Holms glanced up at the seating chart. Then his eyes darted to meet Dryer’s before once more landing on the chart. Wisely, he chose not to comment. The blue bead on his neck was growing, and beating wildly. His Adam’s apple jumped as he tried to swallow.

“I figure-or rather the sheriff does-that you wanted to save Raphael in case the bomb took out the kitchen help. So you didn’t book him. Why lose a good chef? Here’s where it gets a little extreme, even for me,” Dryer continued. “The sheriff believes not only that you killed your wife-or had her killed-but that you planned it far enough in advance to make sure it gave you the ultimate excuse not to attend the Shaler brunch. Who was going to question a grieving widower? But that’s where the irony comes in: because here I am questioning you. So maybe that part didn’t work so well.”
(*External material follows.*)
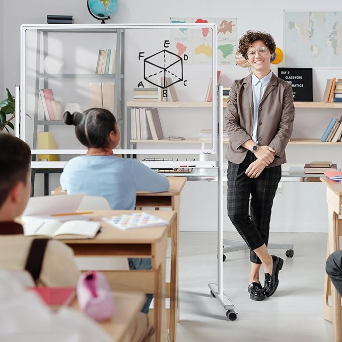 - 360° ROTATED & LOCKABLE - The mobile dry erase board comes with 4 durable universal wheels that support 360-degree rotation, allowing you to move easily whether on hard floors or carpets. Each wheel has a locking system to keep it stable while writing and wiping.
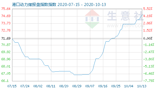 10月13日动力煤商品指数为74.85,较昨日上升了0.24点,较周期内最高点103.01点(2011-11-15)下降了27.34%,较2016年01月20日最低点44.70点上涨了67.45%。(注:周期指2011-09-01至今)

Holms blinked rapidly but still managed to say nothing. Dryer smiled openly, well aware that when contrasted with his acne-scarred cheeks, he looked menacing when doing so.

“Here’s what may interest you, Mr. Holms. It did me. The sheriff has no intention of pursuing Trevalian and you for the attempted assassination of Elizabeth Shaler. That’s why I’m here-I’m federal, he’s state. He’s leaving all that to my office and the AUSA to sort out. He’s focused on one thing and one thing only: the murder of your wife. That was done on his turf. He says you’re good for it-something about a fingerprint developed on a contact lens-and who am I to argue? It’s his show. If he wants to make an ass out of himself, who am I to interfere?”